Otras cosas también se esfumaron. Los finos muebles y objetos que le dieron el toque de mansión caribe ya no existen. Los pasillos y las habitaciones están cercados por escombros: marcos podridos y amontonados, sillones sin paja y tela desgastada, potes de pintura y pinceles apelmazados. Todo un ámbito propicio para los fantasmas que el mismo Obregón dijo que lo molestaban mientras pintaba.

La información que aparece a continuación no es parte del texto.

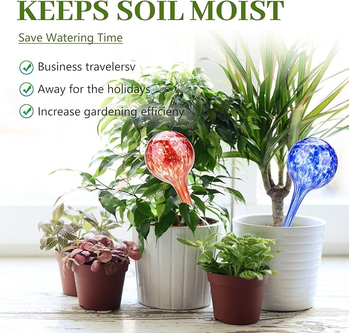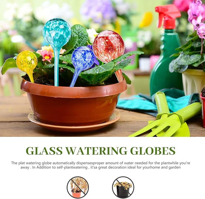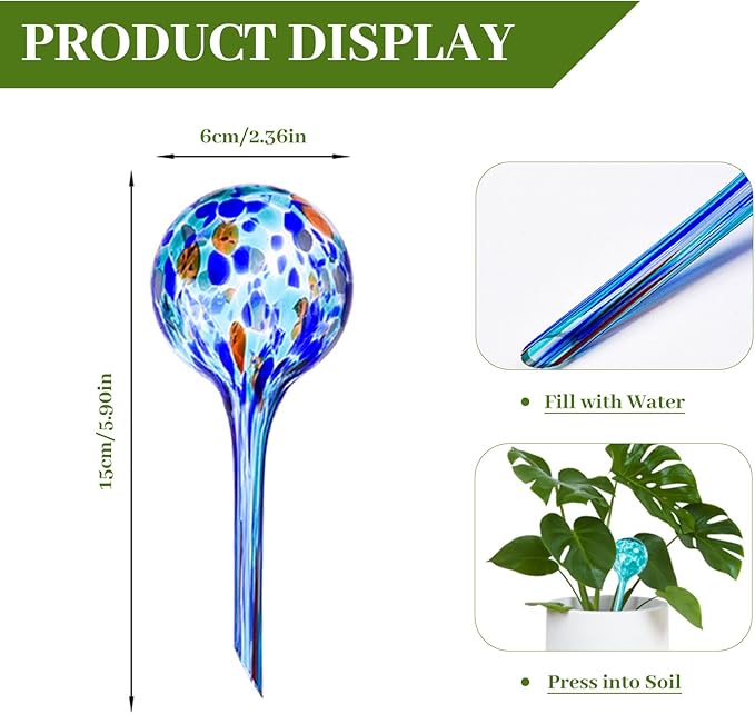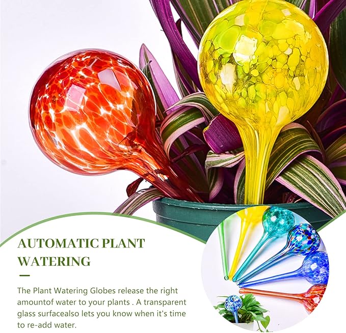 【自動鉢植え植物給水器】超耐久性の手吹きステンドグラスで作られたこの植物用ウォーターグローブは、室内、屋外、ハンギング、地上の植物に水を与えることができるだけでなく、あなたの家や庭に美しいタッチを追加することができます。

Puede ver: La historia del Río Magdalena, la historia de Colombia
En algún tiempo fueron enseres apreciados que cuidó con esmero la empleada doméstica. Una negra rotunda de San Basilio de Palenque llamada Gala porque Obregón decidió un día que si Dalí había tenido su Gala, él también se merecía tener una Gala que pusiera orden al mundo arrebatado y noctámbulo de su vida.
Tras su muerte y durante casi treinta años su hijo Rodrigo Obregón libró una lucha para defender el arte de su padre de falsificadores y preservar la casa del abandono para convertirla en un museo que fomentara la obra del artista. Pero Rodrigo murió dos meses antes de la mañana de mi visita furtiva a la casona, sin poder llevar a buen término su propósito contra el memoricidio que parece alzarse contra el legado de su padre.
No se puede entender que este lugar, declarado por el Estado hace veinte años bien nacional de interés cultural, esté cayéndose a pedazos, como si la memoria no tuviera nada que ver con los lugares que habitaron artistas transformadores de la talla de Obregón. Los espacios son memoria porque reflejan el tiempo y el clima psicológico de quien los habitó.
La ironía que asalta con mucho dolor a quien se encuentre de golpe la casa en esta esquina de soles de congoja es que la modernidad que el artista fraguó durante veinticuatro años de trabajo tras sus paredes, y que regaló al arte y a la vida de un país entero, parece haberse rendido bajo el peso del siempre vetusto y clásico olvido.